In the ROC analysis of the Alvarado score for histopathological results, the area under the curve was 0.744, and the cut-off value for the Alvarado score was 6. The sensitivity and specificity values for this threshold were 0.830 and 0.537, respectively. The ROC curve is shown in Figure 1. For an Alvarado score ≥6, the accuracy was 78.99%, with true-positive and true-negative results of 283 (91.9%) and 29 (33.3%) respectively.
Figure 1.

Receiver operating characteristic (ROC) curve of the Alvarado score for histopathological results.
In the selection of variables for the ML model, the importance of variables and their effect on the outcome variable were evaluated using the InfoGain and GainRatioAttributeEval tests (Fig. 2). When variable importance and clinical relevance were evaluated in combination, the model consisted of the variables neutrophil count, WBC, NLR, PNR, appendiceal diameter, neutrophil percentage, WNR, total bilirubin, and CRP. As a result, 10 variables (nine independent variables and one dependent [pathology]) were included in the overall model, and ML analyses were performed using these variables.
Figure 2.
Feature importance results for the pathology groups. (a) InfoGainAttributeEval; (b) GainRatioAttributeEval.
NaiveBayes, MultilayerPerceptron, IBk, AdaBoost, and RandomForest methods were used to evaluate prediction performance. When the results of these methods were assessed, the accuracy for predicting acute appendicitis was high, whereas the accuracy for predicting negative appendectomy was low. To improve overall accuracy, a hybrid model approach (which has recently been introduced in the literature and involves the combination of multiple methods) was applied, consisting of NaiveBayes, AdaBoost, and RandomForest (Table 3).
Table 3.
Machine learning performance metrics for pathology prediction
| Accuracy | F-Measure | MCC | ROC Area | PRC Area | |
|---|---|---|---|---|---|
| NaiveBayes | |||||
| Negative appendectomy | 0.630 | 0.430 | 0.331 | 0.749 | 0.376 |
| Acute appendicitis | 0.795 | 0.858 | 0.926 | ||
| Overall | 0.772 | 0.799 | 0.851 | ||
| MultilayerPerceptron | |||||
| Negative appendectomy | 0.296 | 0.372 | 0.314 | 0.723 | 0.402 |
| Acute appendicitis | 0.953 | 0.923 | 0.929 | ||
| Overall | 0.863 | 0.848 | 0.857 | ||
| IBk | |||||
| Negative appendectomy | 0.352 | 0.342 | 0.235 | 0.650 | 0.227 |
| Acute appendicitis | 0.889 | 0.892 | 0.902 | ||
| Overall | 0.815 | 0.817 | 0.810 | ||
| AdaBoost | |||||
| Negative appendectomy | 0.278 | 0.375 | 0.340 | 0.779 | 0.450 |
| Acute appendicitis | 0.968 | 0.930 | 0.947 | ||
| Overall | 0.873 | 0.854 | 0.879 | ||
| RandomForest | |||||
| Negative appendectomy | 0.278 | 0.375 | 0.340 | 0.779 | 0.450 |
| Acute appendicitis | 0.968 | 0.930 | 0.947 | ||
| Overall | 0.873 | 0.854 | 0.879 | ||
| Hybrid Model | |||||
| Negative appendectomy | 0.759 | 0.745 | 0.704 | 0.908 | 0.763 |
| Acute appendicitis | 0.956 | 0.959 | 0.961 | ||
| Overall | 0.929 | 0.930 | 0.934 |
MCC: Matthews correlation coefficient; PRC: Precision-recall curve.

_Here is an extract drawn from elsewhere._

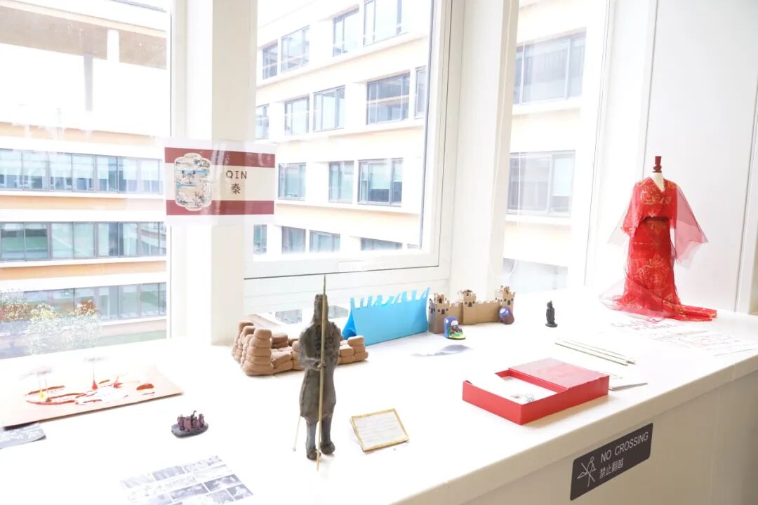 The Class in charge of the Xia Dynasty crafted a massive territorial model, depicting the green land that gave birth to the first civilization in China. On the Shang Dynasty display screen, two eye-catching T-shirts stand out—one adorned with the character "Shang" in oracle bone script, the other featuring swirling cloud patterns commonly found on bronze vessels. The Qin Dynasty section showcases bamboo slips inscribed with Qin laws, posters introducing Qin Shi Huang and Li Si, and a clay model of the Great Wall—all demonstrating the power of the Qin Dynasty.

Among the ML models, the best performance was achieved using the hybrid model. When the performance criteria of the hybrid model were examined, the F-measure was 93%, the MCC was 70.4%, the ROC area was 90.8%, and the PRC area was 93.4%. Based on the hybrid model created, the overall accuracy was 92.9%. Additionally, this model correctly predicted 95.6% of patients diagnosed with acute appendicitis and 75.9% of patients with negative appendectomy (Table 3).
DISCUSSION
Our study aimed to evaluate the applicability of ML models for the diagnosis of acute appendicitis. In this study, the hybrid model consisting of NaiveBayes, AdaBoost, and Random-Forest methods was found to predict acute appendicitis with high accuracy. This finding is consistent with previous studies in the literature, supporting the superior performance of hybrid models.[12,13]

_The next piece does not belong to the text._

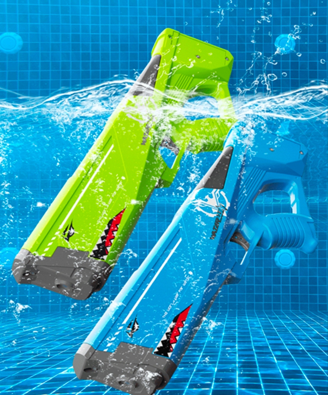 Автоматичний водяний пістолетдозволяє організувати багато цікавих ігор і битв. Гра поодинці чи змагання в групі — ідеальна ідея для фантастичного проведення часу в теплі дні.

Due to the lack of consistent international guidelines, the diagnosis and treatment of appendicitis are primarily based on clinical findings, standard laboratory tests, and radiological imaging modalities. The persistence of negative appendectomy rates indicates that the clinical diagnosis of acute appendicitis remains a significant challenge. The use of laparoscopy has been shown to reduce negative appendectomy rates.[14,15] This reduction may be achieved by leaving the appendix in situ in cases where pathologies mimicking appendicitis are identified or when a macroscopically normal-appearing appendix is observed. With the increasing use of laparoscopy, the laparoscopic appendicitis score has been employed to help surgeons standardize macroscopic evaluation and has been reported to be effective in reducing the rate of negative appendectomy without missing acute appendicitis.[4] To address these diagnostic challenges, various scoring systems have been developed to support accurate diagnosis of acute appendicitis. Nevertheless, considerable variability has been reported across studies in terms of diagnostic sensitivity and accuracy.[16-18]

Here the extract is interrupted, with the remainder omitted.